You are viewing a plain text version of this content. The canonical link for it is here.
Posted to dev@tomcat.apache.org by Christopher Schultz <ch...@christopherschultz.net> on 2023/06/02 14:35:43 UTC
Potentially useful filter for debugging, etc.
All,
I've built a Filter for use with a client who has many environments,
many reverse proxies, and many application servers and were getting
confused about what was what.
Basically, it just adds a "Via" header as appropriate and has some
configurability to choose the header name, override the protocol and
server-name if requested, and to limit the number of IP-segments
reported in the value.
Would this be something useful to add to Tomcat?
-chris
---------------------------------------------------------------------
To unsubscribe, e-mail: dev-unsubscribe@tomcat.apache.org
For additional commands, e-mail: dev-help@tomcat.apache.org
Re: Potentially useful filter for debugging, etc.
Posted by Christopher Schultz <ch...@christopherschultz.net>.
All,
On 6/6/23 10:07, Christopher Schultz wrote:
> Mark,
>
> On 6/6/23 06:42, Mark Thomas wrote:
>> devOn 02/06/2023 18:55, Christopher Schultz wrote:
>>> Mark,
>>>
>>> On 6/2/23 11:00, Mark Thomas wrote:
>>>> On 02/06/2023 15:35, Christopher Schultz wrote:
>>>>> All,
>>>>>
>>>>> I've built a Filter for use with a client who has many
>>>>> environments, many reverse proxies, and many application servers
>>>>> and were getting confused about what was what.
>>>>>
>>>>> Basically, it just adds a "Via" header as appropriate and has some
>>>>> configurability to choose the header name, override the protocol
>>>>> and server-name if requested, and to limit the number of
>>>>> IP-segments reported in the value.
>>>>>
>>>>> Would this be something useful to add to Tomcat?
>>>>
>>>> That implies that Tomcat is acting as a reverse proxy.
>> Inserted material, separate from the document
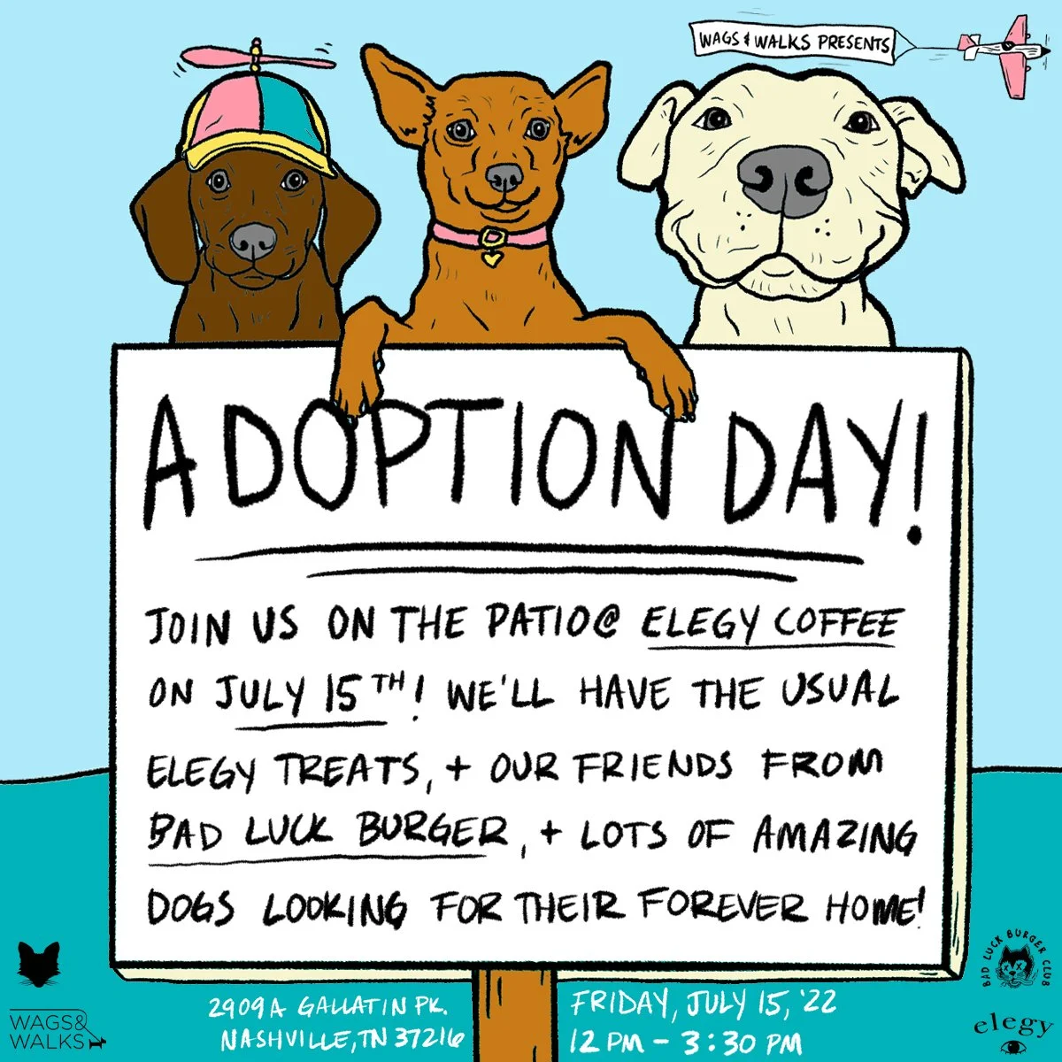 From our friends at Elegy Coffee, “🐶SAVE THE DATE🐶 it’s no secret we love dogs A LOT over here, but we also love all the amazing things @wagsandwalksnashville does for them day in & day out❤️ Come hang with us & some perfect pups looking for their fur-ever homes on Friday July 15 & enjoy a delicious burger from our besties @badluckburgerclub while you’re at it!”
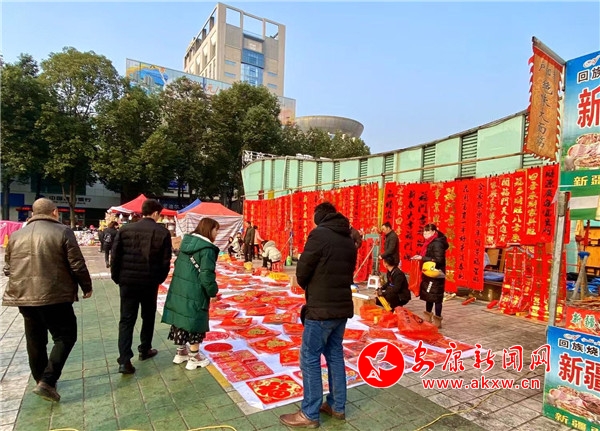 記者在白天鵝廣場(chǎng)看到,許多市民都在選購(gòu)春聯(lián)、燈籠、年貨,各式各樣的貨品吸引市民駐足選購(gòu)。在一方角落里,記者發(fā)現(xiàn)有書(shū)法家在為群眾現(xiàn)場(chǎng)寫(xiě)春聯(lián)。鋪開(kāi)紙張、倒上墨汁,筆走龍蛇,不一會(huì)功夫,一副副寫(xiě)滿祝福語(yǔ)的春聯(lián)就新鮮出爐了,拿到自己心儀春聯(lián)的群眾臉上洋溢著喜悅。VW7安康新聞網(wǎng)

Given that
>>>> functionality isn't built into Tomcat, I'd expect whatever component
>>>> is providing the reverse proxy functionality to provide the Via
>>>> header and any other appropriate debug tools. It seems a little odd
>>>> to provide a debug tool with Tomcat for a feature that Tomcat
>>>> doesn't implement.
>>>
>>> I was thinking that Tomcat here was an origin server and reporting
>>> its own identity, etc. to the reverse-proxy, which would then add its
>>> own "Via" header.
>>
>> I'm a little confused about how this all works.
>
> Sorry, I think I didn't give enough explanation.
>
>> Shouldn't the reverse proxy add the Via header before forwarding the
>> request?
>>
>> Is the Filter adding a Via header? I read the original post as it was.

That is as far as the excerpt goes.